**Work item**
An exact retyping of all lines below is the answer; pictures do not belong in it.

**Supplied information**
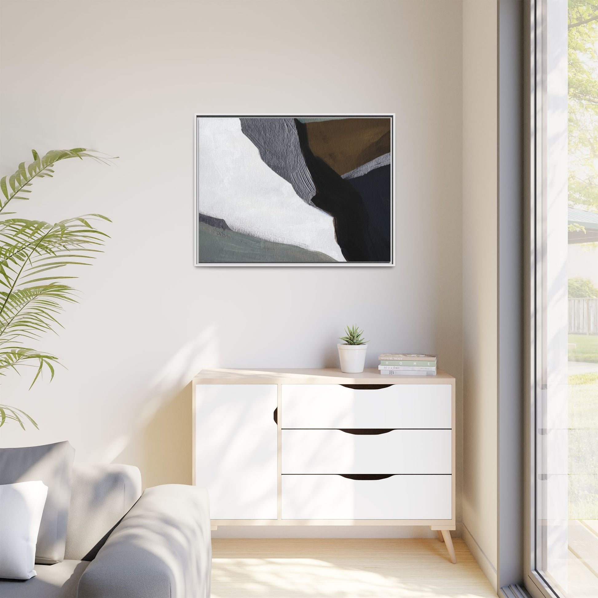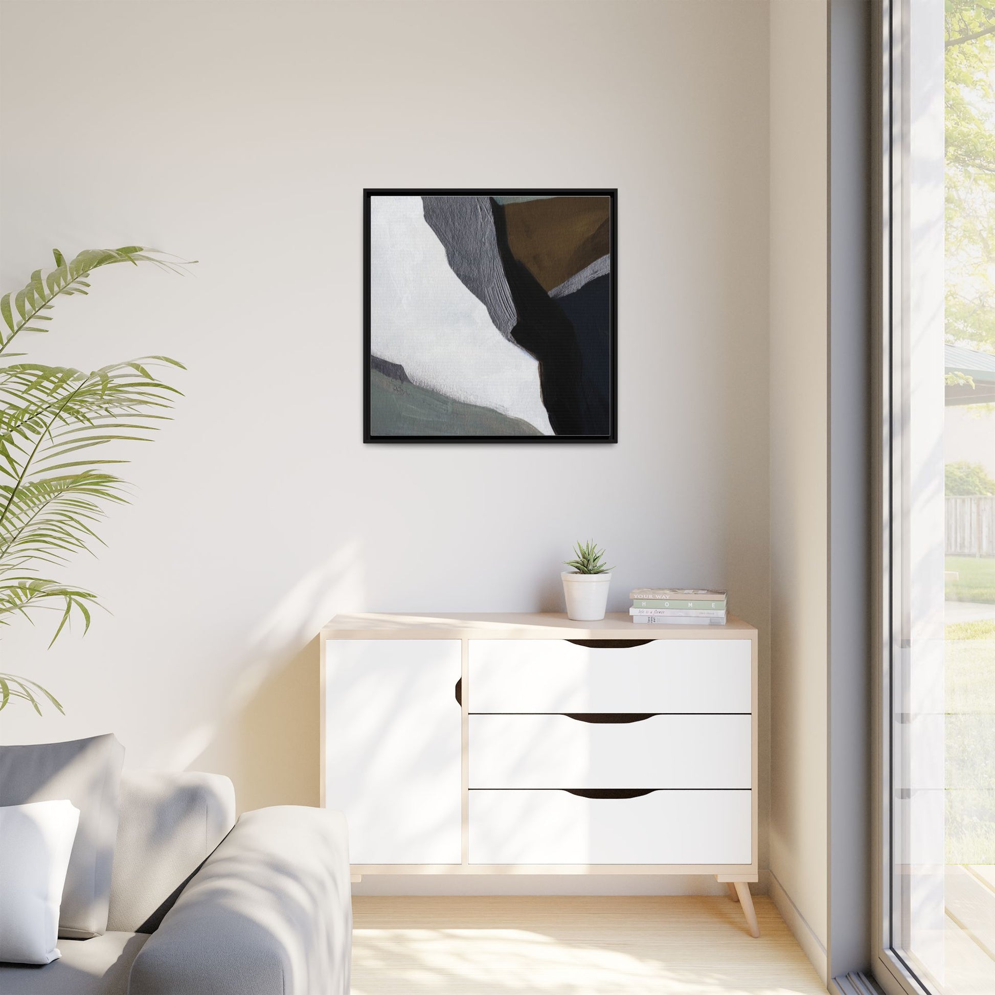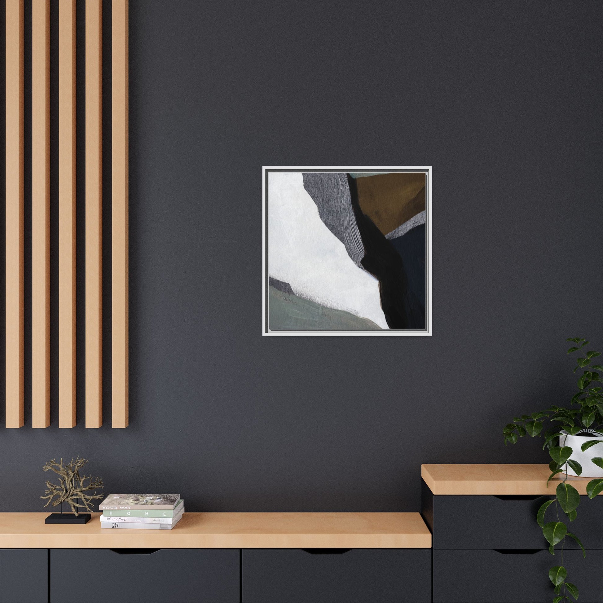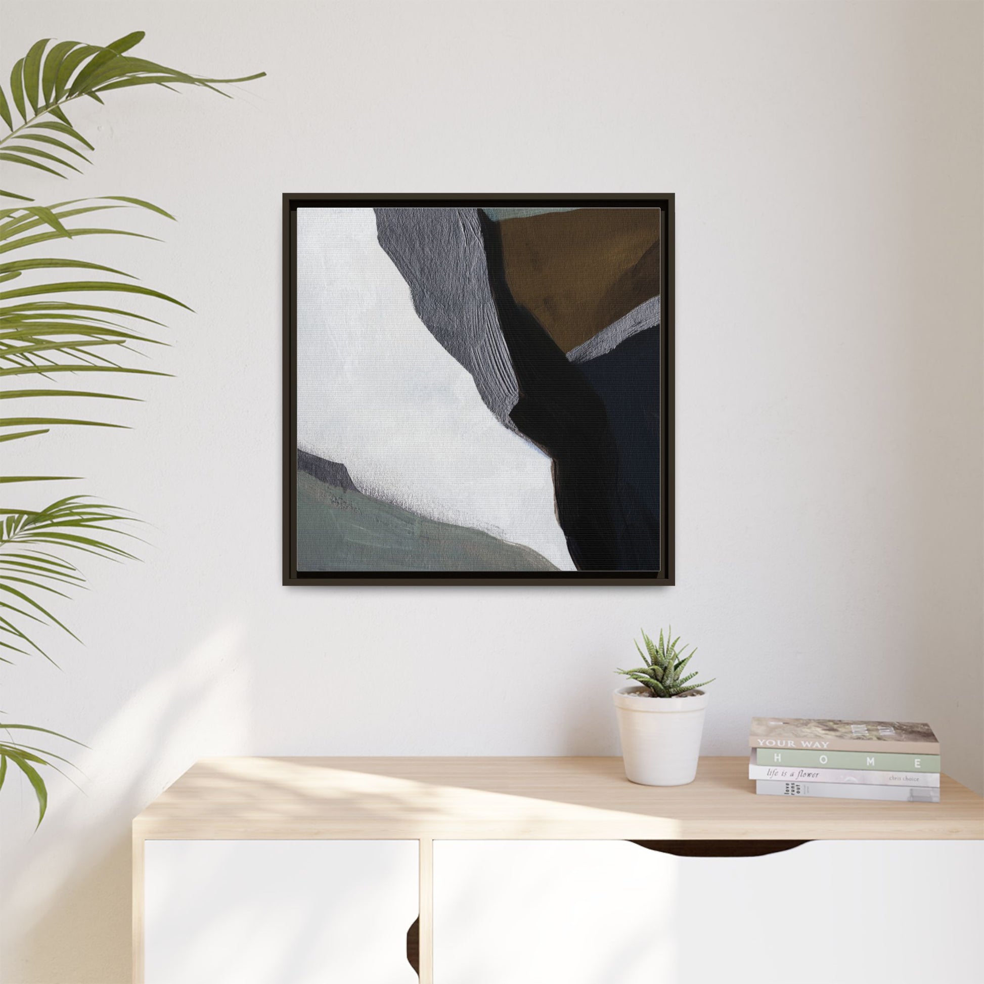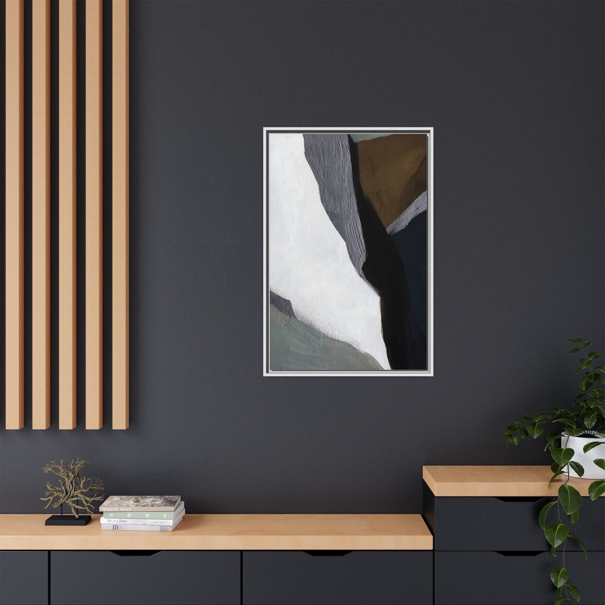 This abstract artistic image features a sophisticated composition of geometric shapes and textured surfaces in a muted color palette. Soft, layered forms in shades of white, gray, black, green, and brown create a dynamic visual landscape with distinct angular transitions. The texture appears to be reminiscent of painted or sculpted surfaces, with subtle variations in depth and a slightly rough, almost tactile quality that suggests brush or palette knife application. Diagonal lines and sharp contrasts between the color blocks create a sense of movement and depth, drawing the viewer's eye across the artistic arrangement. The overall aesthetic evokes a minimalist, contemporary art style that balances geometric precision with organic, softly blended edges.
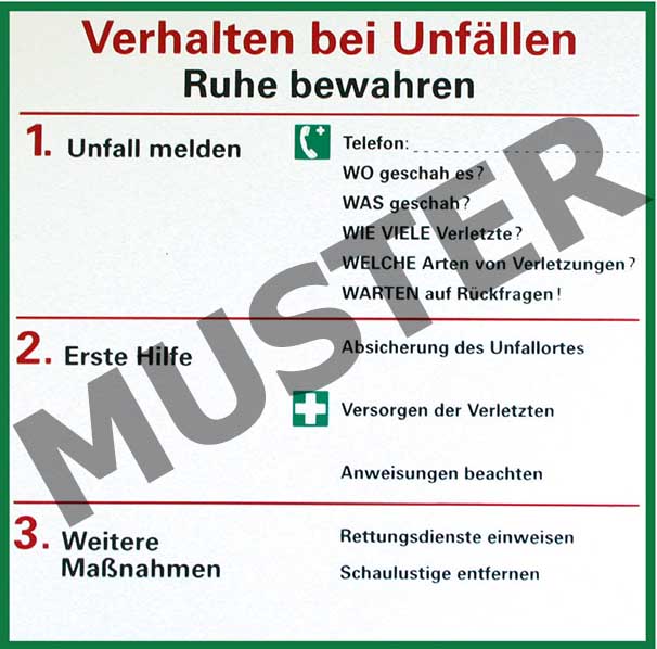 gemäß DGUV Vorschrift 1 schlagfester Kunststoff, wetterfest, langnachleuchtend Maße 410x590mm Art.nr. 55031314
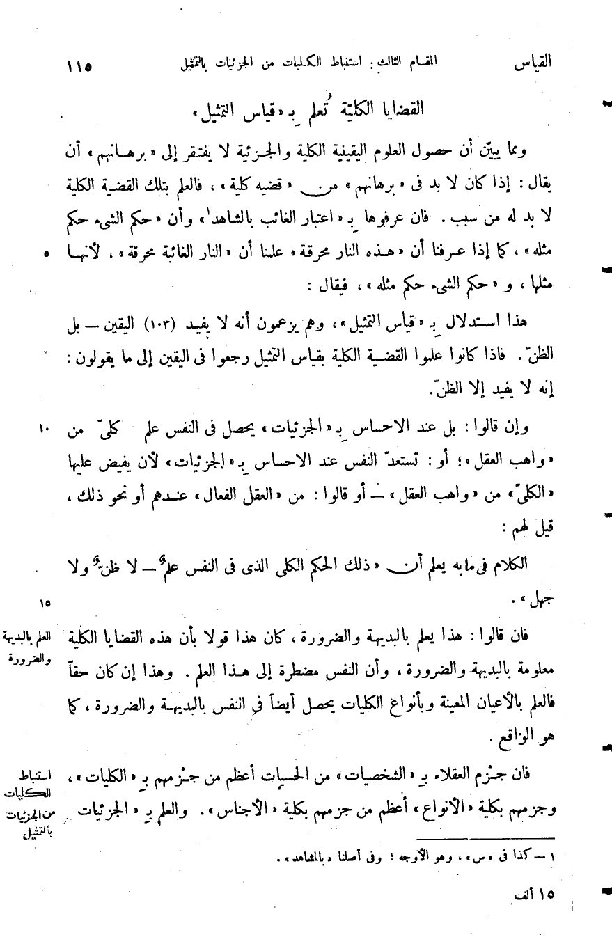 هذا استدلال ب قياس التمثيل وهم يزعمون أنه لا يفيد اليقين بل الظن فإذا كانوا علموا القضية الكلية بقياس التمثيل رجعوا في اليقين إلى ما يقولون أنه لا يفيد إلا الظن.

**Answer below**
 This abstract artistic image features a sophisticated composition of geometric shapes and textured surfaces in a muted color palette. Soft, layered forms in shades of white, gray, black, green, and brown create a dynamic visual landscape with distinct angular transitions. The texture appears to be reminiscent of painted or sculpted surfaces, with subtle variations in depth and a slightly rough, almost tactile quality that suggests brush or palette knife application. Diagonal lines and sharp contrasts between the color blocks create a sense of movement and depth, drawing the viewer's eye across the artistic arrangement. The overall aesthetic evokes a minimalist, contemporary art style that balances geometric precision with organic, softly blended edges.
 gemäß DGUV Vorschrift 1 schlagfester Kunststoff, wetterfest, langnachleuchtend Maße 410x590mm Art.nr. 55031314
 هذا استدلال ب قياس التمثيل وهم يزعمون أنه لا يفيد اليقين بل الظن فإذا كانوا علموا القضية الكلية بقياس التمثيل رجعوا في اليقين إلى ما يقولون أنه لا يفيد إلا الظن.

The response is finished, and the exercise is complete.